In a third aspect, embodiments of the present disclosure also provide an electronic device, comprising:

- a processor; and
- a storage apparatus storing a program,
- wherein the program, when executed by the processor, causes the processor to perform the method of video image processing based on any of embodiments of the present disclosure.

In a fourth aspect, embodiments of the present disclosure further provide a storage medium comprising computer-executable instructions, the computer-executable instructions, when executed by a computer processor, performing the method of video image processing based on any of embodiments of the present disclosure.

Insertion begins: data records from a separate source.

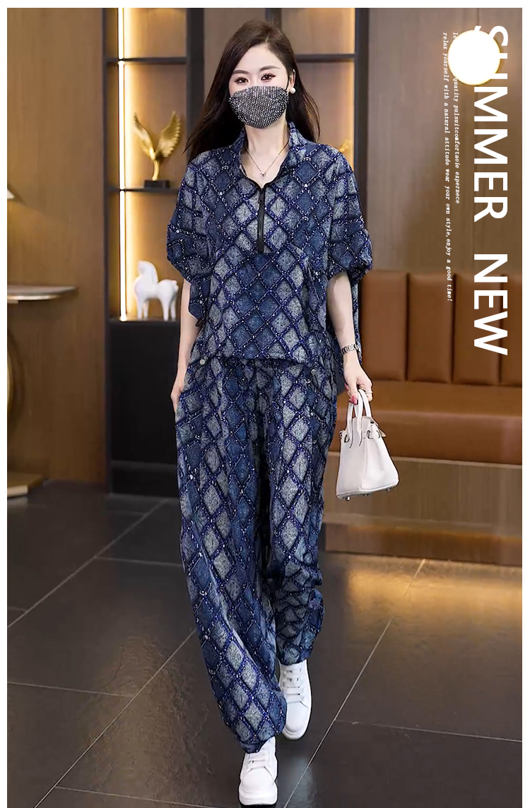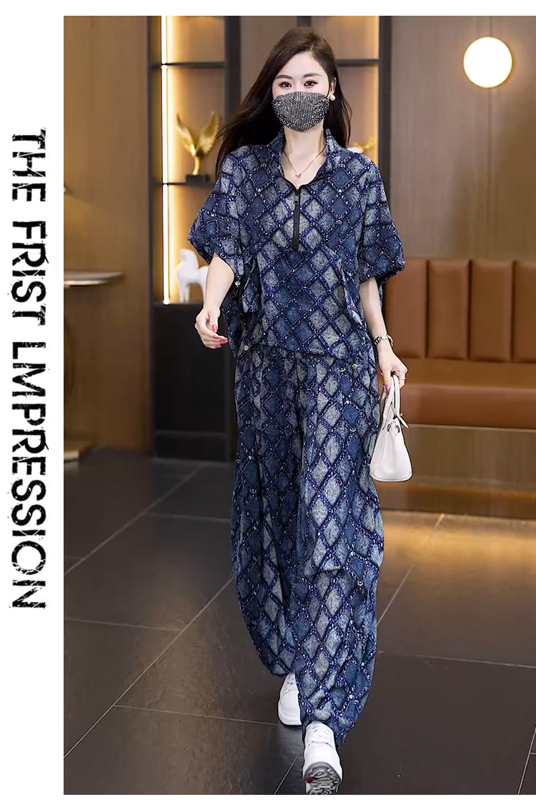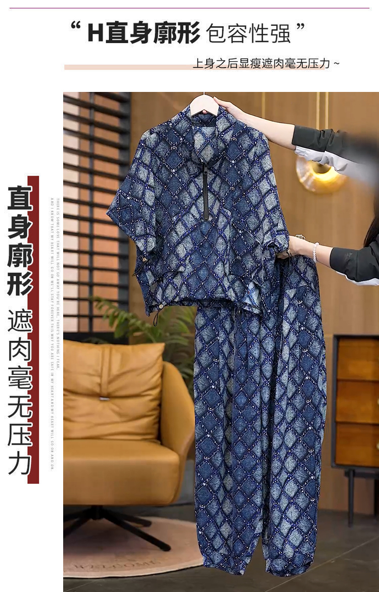 RY3040# 实拍2026夏季新款大码女装透气时尚宽松遮肉高级设计感套装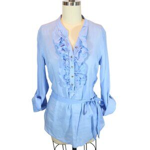 MASSIMO DUTTI Ruffle Front Belted Blouse Top Size 40/10 US Light Blue Feminine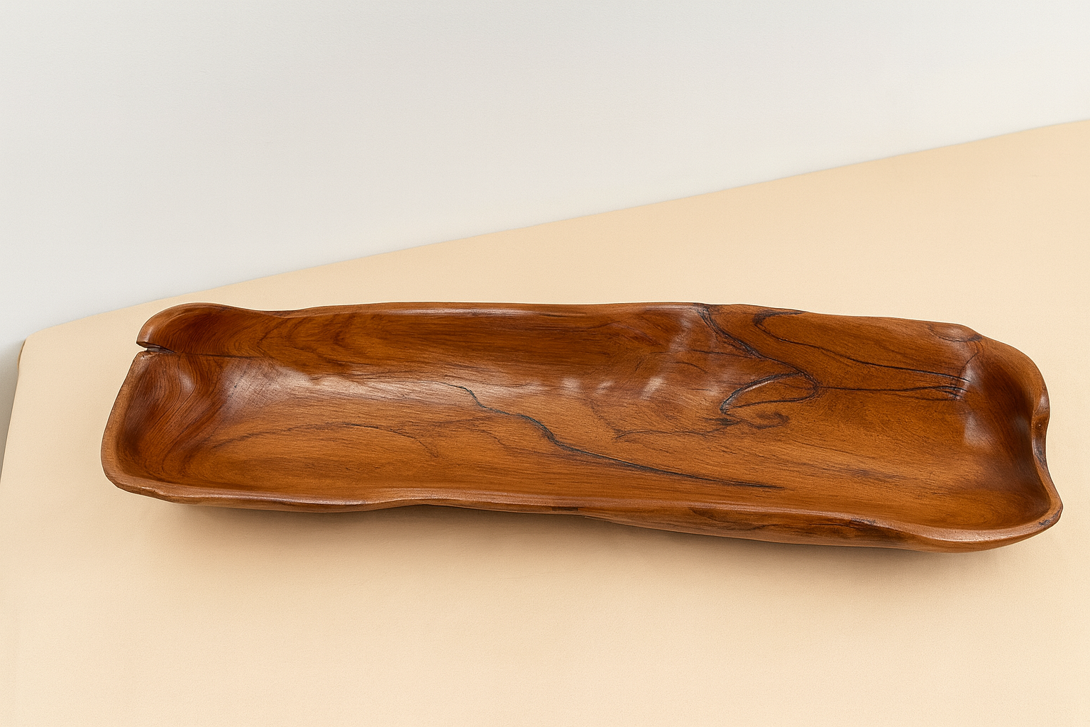 A hand-carved statement in solid teak, this elongated wood sculpture is more than a fruit bowl — it’s a functional art piece. With a shape guided by nature and grain that tells its own story, it brings quiet drama to any space.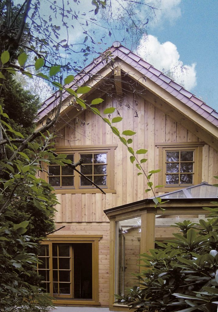 Kompaktes Landhaus mit Wintergarten, offener Wohn-/Essbereich auf zwei Ebenen, flexible Schlafraumgestaltung im Dachgeschoss, energieeffiziente BIO-Doppelwand® mit Korkdämmung.

BRIEF DESCRIPTION OF THE DRAWINGS

In conjunction with the accompanying drawings and with reference to the following detailed description, the above and other features, advantages, and aspects of the various embodiments of the present disclosure will become more apparent. Throughout the accompanying drawings, the same or similar reference numerals represent the same or similar elements. It should be understood that the accompanying drawings are schematic in nature and that the originals and elements are not necessarily drawn in accordance with scale.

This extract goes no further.